[PATCH v9] nvme-fabrics: reject I/O to offline device

Tue Nov 17 03:39:32 EST 2020

>>> @@ -151,12 +151,16 @@ EXPORT_SYMBOL_GPL(nvme_try_sched_reset);
>>>    static void nvme_failfast_work(struct work_struct *work) {
>>>           struct nvme_ctrl *ctrl = container_of(to_delayed_work(work),
>>>                           struct nvme_ctrl, failfast_work);
>>> +       struct nvme_ns *ns;
>>>
>>> -       if (ctrl->state != NVME_CTRL_CONNECTING)
>>> -               return;
>>> -
>>> -
>>> -       set_bit(NVME_CTRL_FAILFAST_EXPIRED, &ctrl->flags);
>>> +       down_read(&ctrl->namespaces_rwsem);
>>> +       list_for_each_entry(ns, &ctrl->namespaces, list) {
>>> +               if (ctrl->state != NVME_CTRL_LIVE ||
>>> +                   (ns->ana_state != NVME_ANA_OPTIMIZED &&
>>> +                    ns->ana_state != NVME_ANA_NONOPTIMIZED))
>>> +                       set_bit(NVME_NS_FAILFAST_EXPIRED, &ns->flags);
>>> +       }
>>> +       up_read(&ctrl->namespaces_rwsem);
>>>           dev_info(ctrl->device, "failfast expired\n");
>>>
>>> ...and we could leave the failfast worker running even after the 
>>> controller
>>> transitioned to LIVE.
>>> Cf the attached patch for details.
>>>
>>> Cheers,
>>>
>>> Hannes
>>> -- 
>>
>> I'm not sure what makes sense to move the FAILFAST_EXPIRED bit into 
>> the namespace,
>> Because the failfast mechanism characterizes the controller as a whole.
>>
> Oh, yes, I'm aware of that. But the problem here is with multipath; how 
> do we handle the situation where all controllers have the 
> 'failfast_expired' bit set?
> Should I/O be terminated (which I think it should, given that failfast 
> is supposed to terminate the I/O)?
> Or should I/O continue to run (as it does with your original patch)?

I do agree that fast_io_fail_tmo _is_ a controller attribute and should
remain as such.

I do see what is your point Hannes, however I also think it's
problematic that the host may fail arbitrary I/O if the controller
happens to enter ANA inaccessible state (or have state transition
timeout) for a period that happens to be longer than what the user
happen to set (without communicating any of this to the controller).

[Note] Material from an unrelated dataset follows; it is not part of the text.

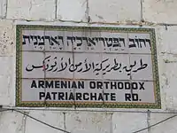 Armenian Orthodox Patriarchate Rd. signs in Hebrew (top), Arabic (middle), English (bottom) and Armenian (bottom photo)
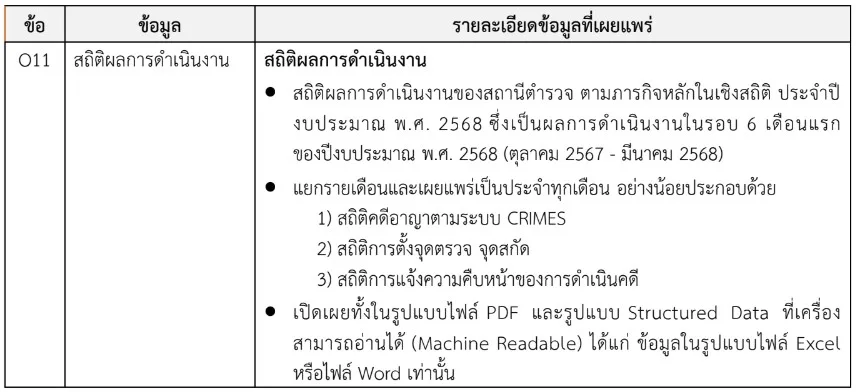 -O11 สถิติผลการดำเนินงาน

IFF we want to address this (I'm still not sure), we probably want
to activate failfast timeout in ANA state transition (and clear it
when we exit it). Then we can modify nvme_available_path() to take
NVME_CTRL_FAILFAST_EXPIRED into account.

Anyways, I think that this can be an incremental patch because it
doesn't change the behavior today with respect to ANA states (or
transition between them) e.g. queue the outstanding I/O.